A team of scientists at biotech company Genentech started using a meditation app in 2015 and, not long after, noticed that they felt more content and happier at home and work.
After conducting their own experiments and submitting the data to human resources, Genentech decided to roll the Headspace app out to all of its roughly 14,000 employees the following year, said Nancy Vitale, senior vice president of human resources at Genentech, a unit of Roche.
More than 2,500 Genentech employees now use the meditation app Headspace four times per week, on average, Vitale said.
Headspace has spent the past year aggressively chasing corporate clients like Genentech and already has 250 companies that cover the cost of their employees’ subscriptions. Executives say they expect to double that number by the end of the year, said Chief Business Officer Ross Hoffman.
Corporate clients give it access to thousands of new customers, slashing the cost of acquiring new ones.
For employers, it gives them a way to help ensure their employees mental health. Quantifying how much stress and mental illness costs companies is challenging because it includes direct costs like medical visits and indirect costs, such as lost productivity.

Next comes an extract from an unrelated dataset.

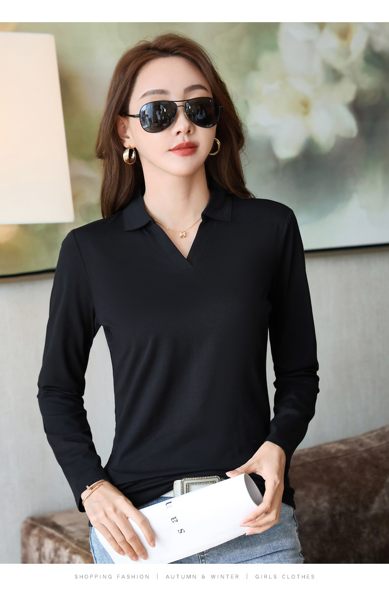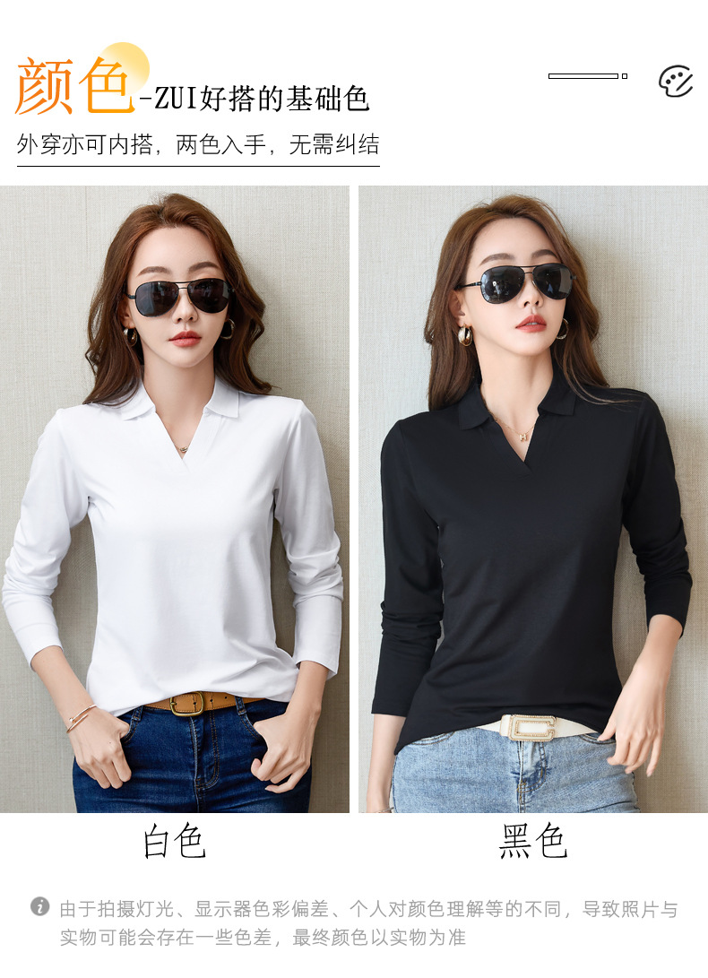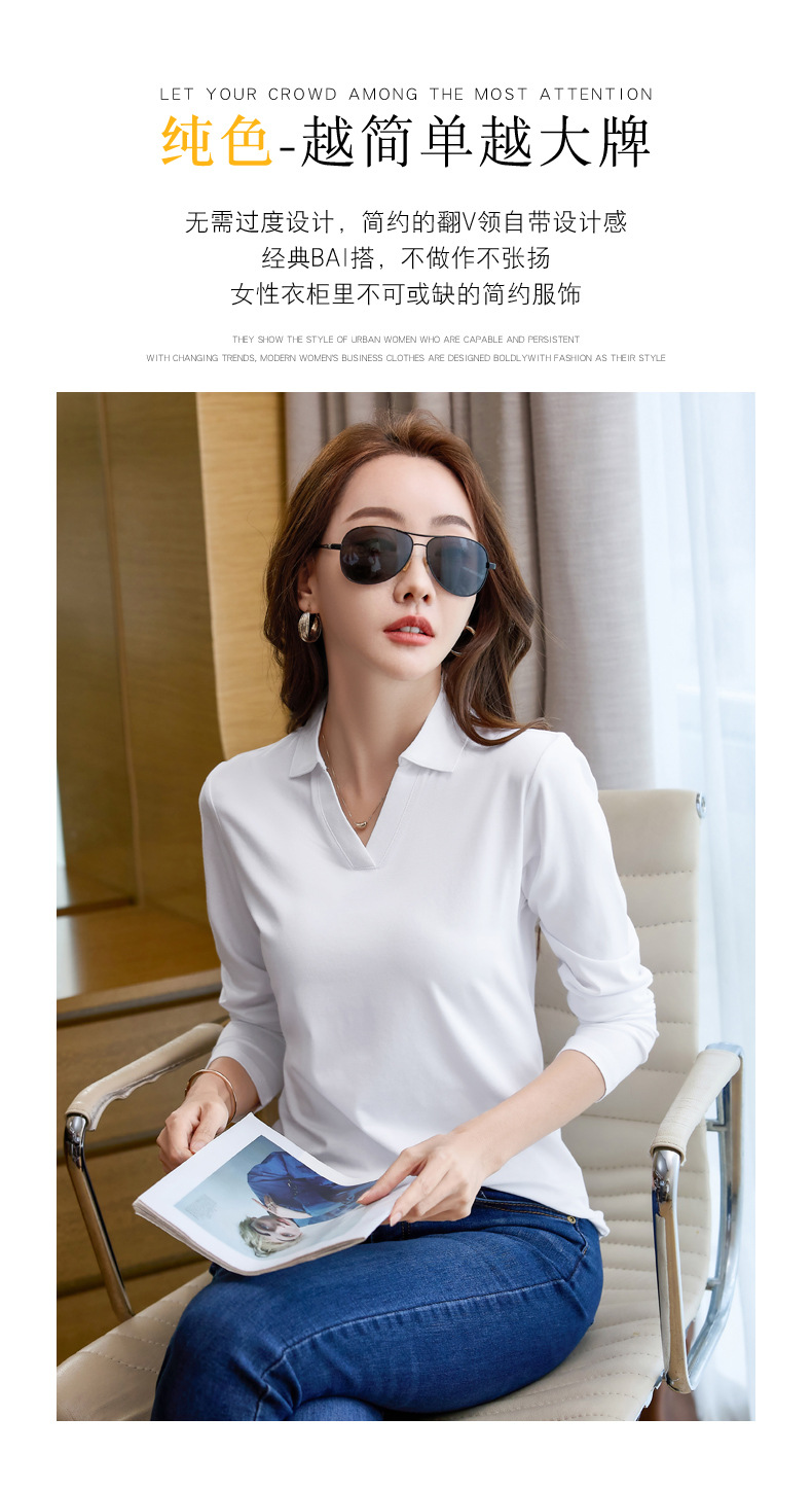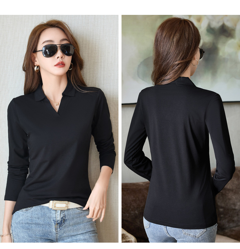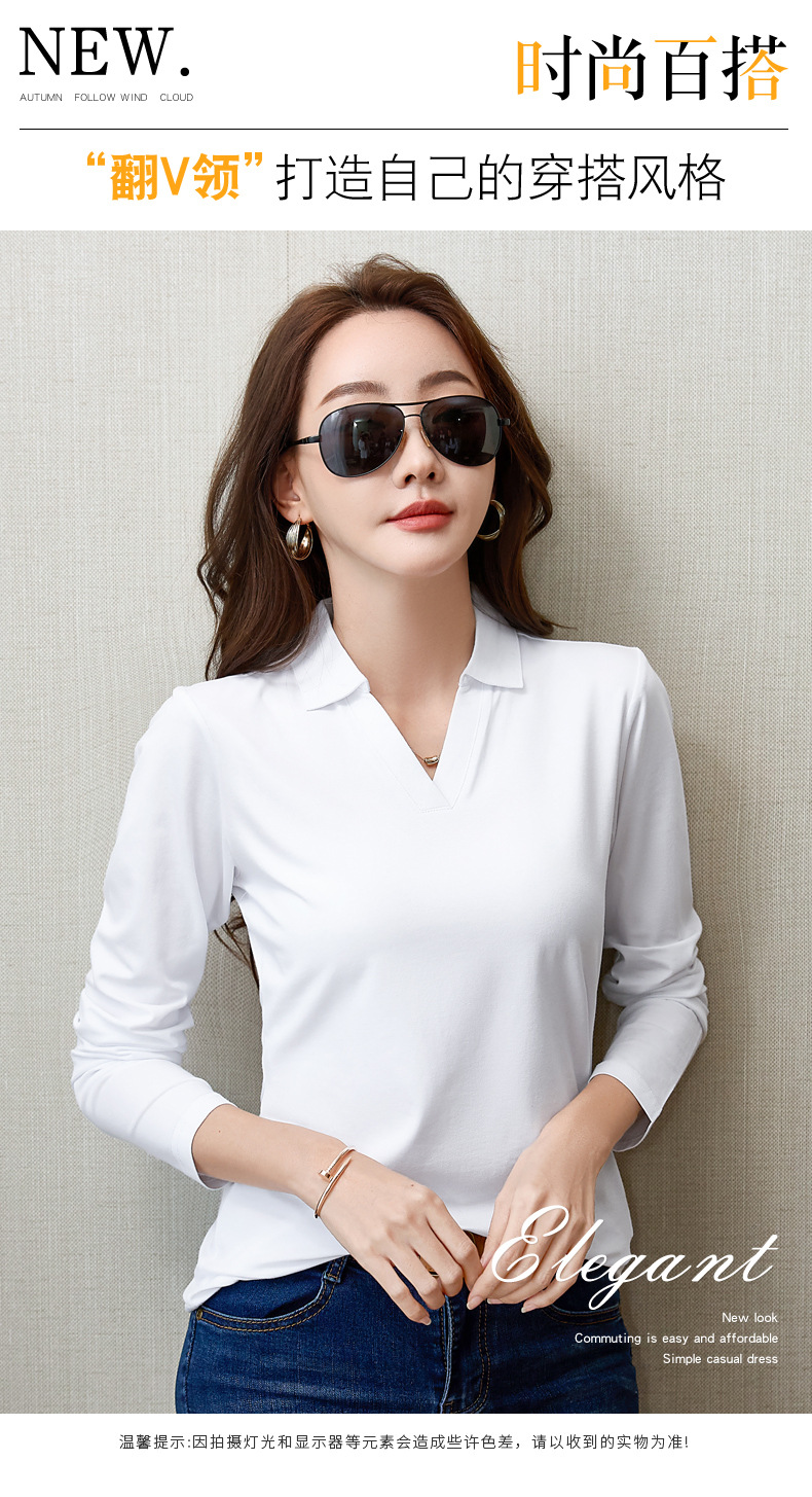 Yu Wei 2822 # Real Shot 2023, новая Приталенная футболка с длинным рукавом, Женский Топ, однотонная Повседневная Базовая рубашка с лацканами на весну и осень

More than half of working adults said they experienced a great deal or some stress at work in the past year, according to a 2016 study by Harvard’s T.H. Chan School of Public Health and other researchers. Meanwhile, about 8% of Americans reported meditating in 2012, according to the National Health Interview Survey by the Centers for Disease Control and Prevention.
Workers, especially millennials, are demanding more wellness benefits from their employers. Buying meditation subscriptions can be an attractive opportunity for companies—and a promising avenue for Headspace and competitors.